🤖 AI Summary
This study addresses the limited generalizability and insufficient fairness of existing AI models for breast MRI, which are predominantly trained on single-center data. To overcome these limitations, we established the first intercontinental, multicenter benchmark dataset for breast MRI and, within an international challenge, jointly evaluated the generalization performance and fairness of models across two critical tasks: tumor segmentation and prediction of pathological complete response after neoadjuvant chemotherapy. Through standardized preprocessing, independent external testing, and a unified scoring framework that integrates overall performance with subgroup fairness—stratified by age, menopausal status, and breast density—we engaged 26 international teams. Our findings reveal a significant performance drop on external test sets and a trade-off between accuracy and fairness, thereby providing a crucial benchmark and empirical foundation for developing robust and equitable AI systems in breast cancer imaging.
📝 Abstract
Breast cancer is the most frequently diagnosed malignancy among women worldwide and a leading cause of cancer-related mortality. Dynamic contrast-enhanced magnetic resonance imaging plays a central role in tumor characterization and treatment monitoring, particularly in patients receiving neoadjuvant chemotherapy.

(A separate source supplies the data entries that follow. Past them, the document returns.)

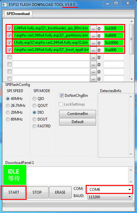 - Внимание! На некоторых модулях ESP32 для заливки прошивки, необходимо нажать кнопку BOOT на самой плате перед нажатием START в Flash Download Tools.
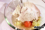 Капусту измельчить в блендере. Или в мясорубке. Можно и нарезать тонко... (так в рецепте сказано), но... не знаю - пропечется ли? К капусте добавить ржаную муку, яйца, соль, перец, половину порции воды.
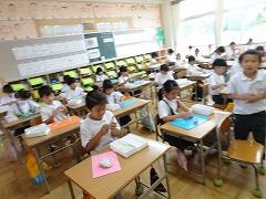 ↓1年2組さんが鍵盤ハーモニカの練習をしていました。楽しそうです。
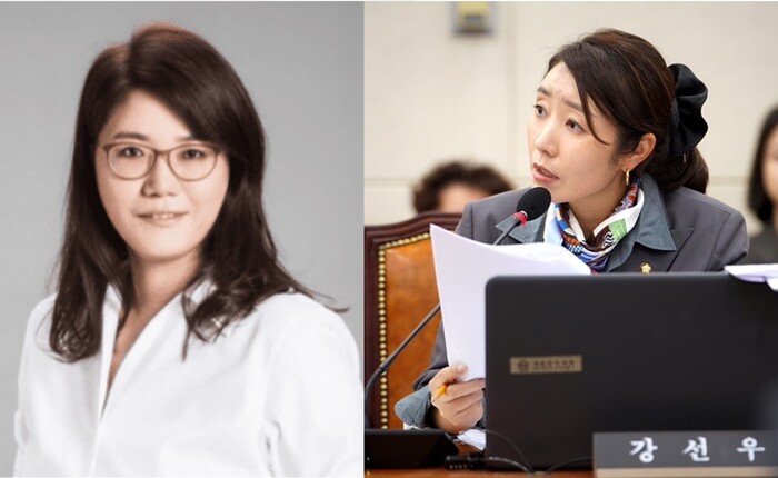 | ▲ 김소연 피씰엘 대표, 강선우 의원이 국정감사에서 피씨엘과 관련한 의혹을 제기하고 있다. [사진=피씨엘, 연합] |
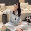 2025 Autumn Women's Casual Striped Pajamas: Loose, Simple Korean Style for In-Home or Outdoor Wear
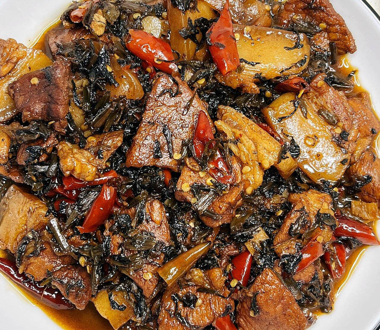 食材:梅干菜、猪肉、干辣椒、生姜、八角
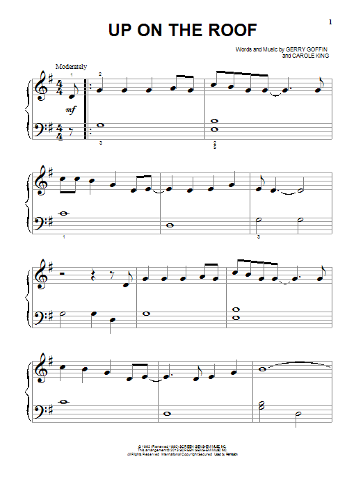 Download or print Carole King Up On The Roof sheet music, chords and digital score arranged for Beginning Piano Solo. This Pop score includes 4 page(s).
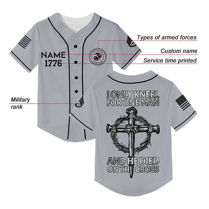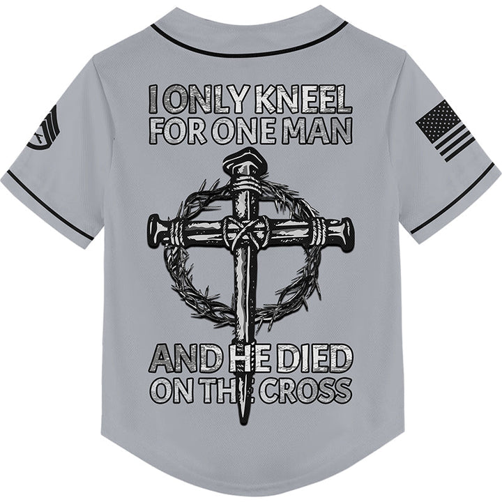 I Only kneel For One Man And He Died On The Cross Custom Grey Military Rank Veteran Name Baseball Jersey

However, existing artificial intelligence models for breast magnetic resonance imaging are often developed using single-center data and evaluated using aggregate performance metrics, limiting their generalizability and obscuring potential performance disparities across demographic subgroups. The MAMA-MIA Challenge was designed to address these limitations by introducing a large-scale benchmark that jointly evaluates primary tumor segmentation and prediction of pathologic complete response using pre-treatment magnetic resonance imaging only. The training cohort comprised 1,506 patients from multiple institutions in the United States, while evaluation was conducted on an external test set of 574 patients from three independent European centers to assess cross-continental and cross-institutional generalization. A unified scoring framework combined predictive performance with subgroup consistency across age, menopausal status, and breast density. Twenty-six international teams participated in the final evaluation phase. Results demonstrate substantial performance variability under external testing and reveal trade-offs between overall accuracy and subgroup fairness. The challenge provides standardized datasets, evaluation protocols, and public resources to promote the development of robust and equitable artificial intelligence systems for breast cancer imaging.